Frequent Asked Questions (FAQ)¶
How can I rename the columns in a batch?
Every Step
has both input_mappings
and output_mappings
attributes that can be used to rename the columns in each batch.
But input_mappings
will only map, meaning that if you have a batch with the column A
and you want to rename it to B
, you should use input_mappings={"A": "B"}
, but that will only be applied to that specific Step
meaning that the next step in the pipeline will still have the column A
instead of B
.
While output_mappings
will indeed apply the rename, meaning that if the Step
produces the column A
and you want to rename to B
, you should use output_mappings={"A": "B"}
, and that will be applied to the next Step
in the pipeline.
Will the API Keys be exposed when sharing the pipeline?
No, those will be masked out using pydantic.SecretStr
, meaning that those won't be exposed when sharing the pipeline.
This also means that if you want to re-run your own pipeline and the API keys have not been provided via environment variable but either via an attribute or runtime parameter, you will need to provide them again.
Does it work for Windows?
Yes, but you may need to set the multiprocessing
context in advance to ensure that the spawn
method is used since the default method fork
is not available on Windows.
Will the custom Steps / Tasks / LLMs be serialized too?
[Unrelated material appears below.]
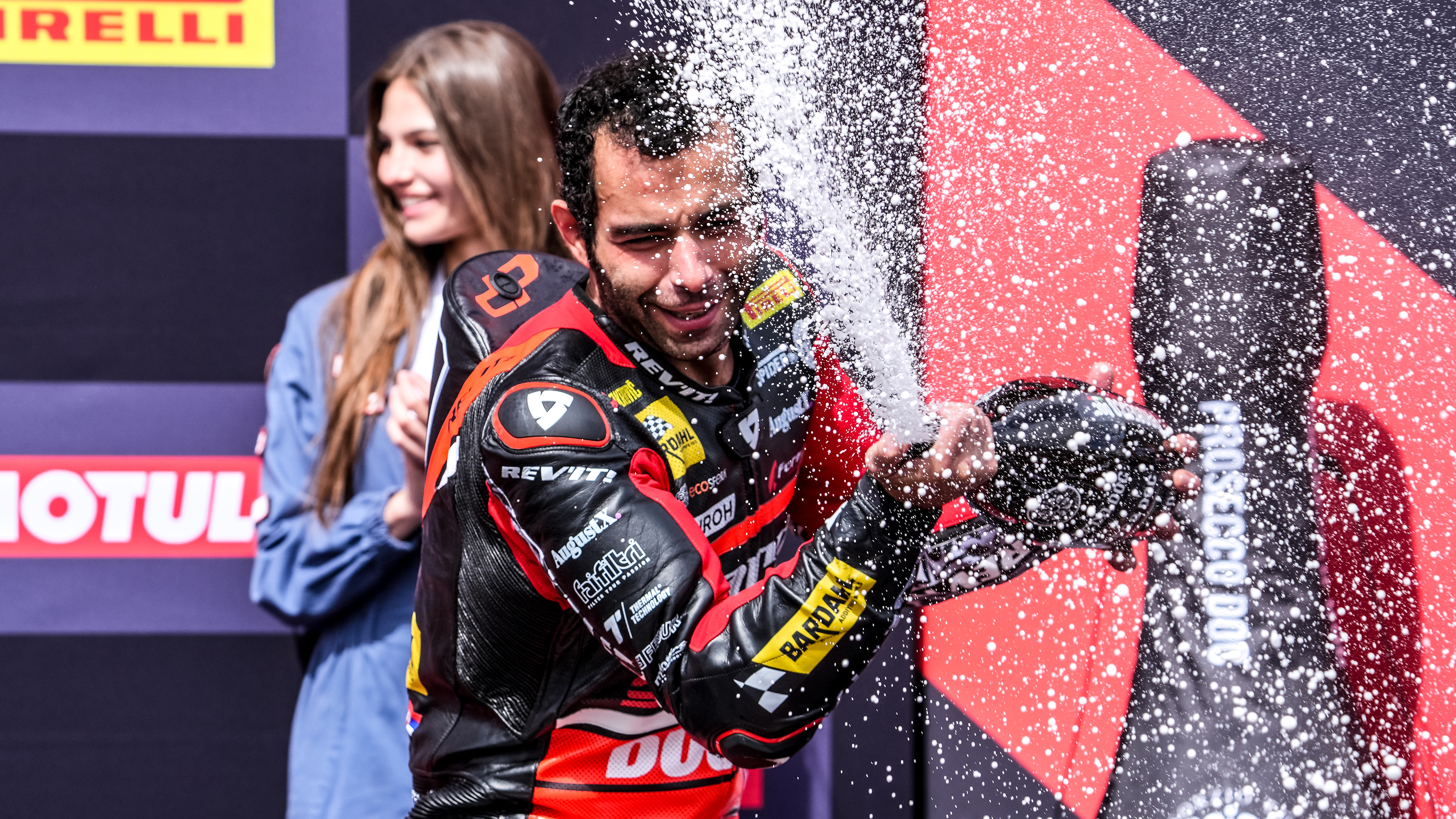 TWO-TIME GRAND PRIX WINNER: ‘Petrux’ victorious in Ducati red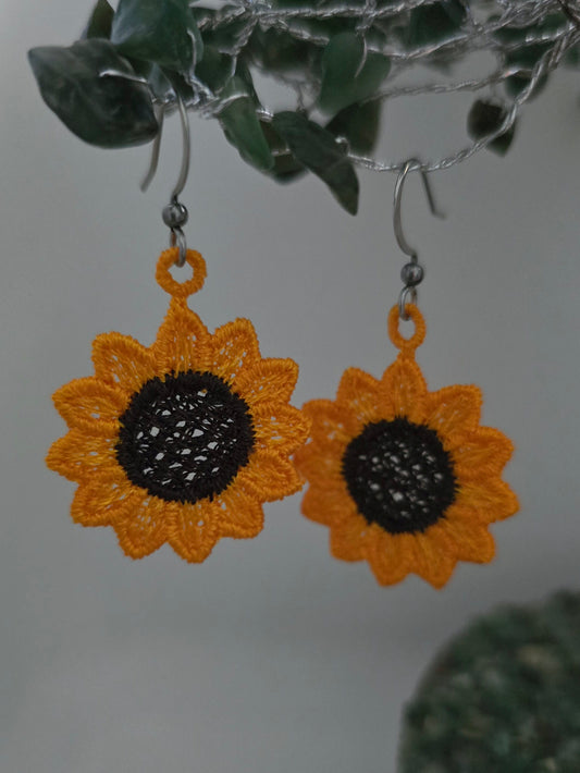 Sunflower Lightweight Embroidered Earrings with Hypoallergenic hooks

No, at the moment, only the references to the classes within the distilabel
library will be serialized, meaning that if you define a custom class used within the pipeline, the serialization won't break, but the deserialize will fail since the class won't be available unless used from the same file.
What happens if Pipeline.run
fails? Do I lose all the data?
No, indeed, we're using a cache mechanism to store all the intermediate results in the disk so, if a Step
fails; the pipeline can be re-run from that point without losing the data, only if nothing is changed in the Pipeline
.
All the data will be stored in .cache/distilabel
, but the only data that will persist at the end of the Pipeline.run
execution is the one from the leaf step/s, so bear that in mind.
For more information on the caching mechanism in distilabel
, you can check the Learn - Advanced - Caching section.
Also, note that when running a Step
or a Task
standalone, the cache mechanism won't be used, so if you want to use that, you should use the Pipeline
context manager.
How can I use the same LLM
across several tasks without having to load it several times?
You can serve the LLM using a solution like TGI or vLLM, and then connect to it using an AsyncLLM
client like InferenceEndpointsLLM
or OpenAILLM
. Please refer to Serving LLMs guide for more information.
Can distilabel
be used with OpenAI Batch API?
Yes, distilabel
is integrated with OpenAI Batch API via OpenAILLM. Check LLMs - Offline Batch Generation for a small example on how to use it and Advanced - Offline Batch Generation for a more detailed guide.
Prevent overloads on Free Serverless Endpoints
When running a task using the InferenceEndpointsLLM with Free Serverless Endpoints, you may be facing some errors such as Model is overloaded
if you let the batch size to the default (set at 50). To fix the issue, lower the value or even better set input_batch_size=1
in your task. It may take a longer time to finish, but please remember this is a free service.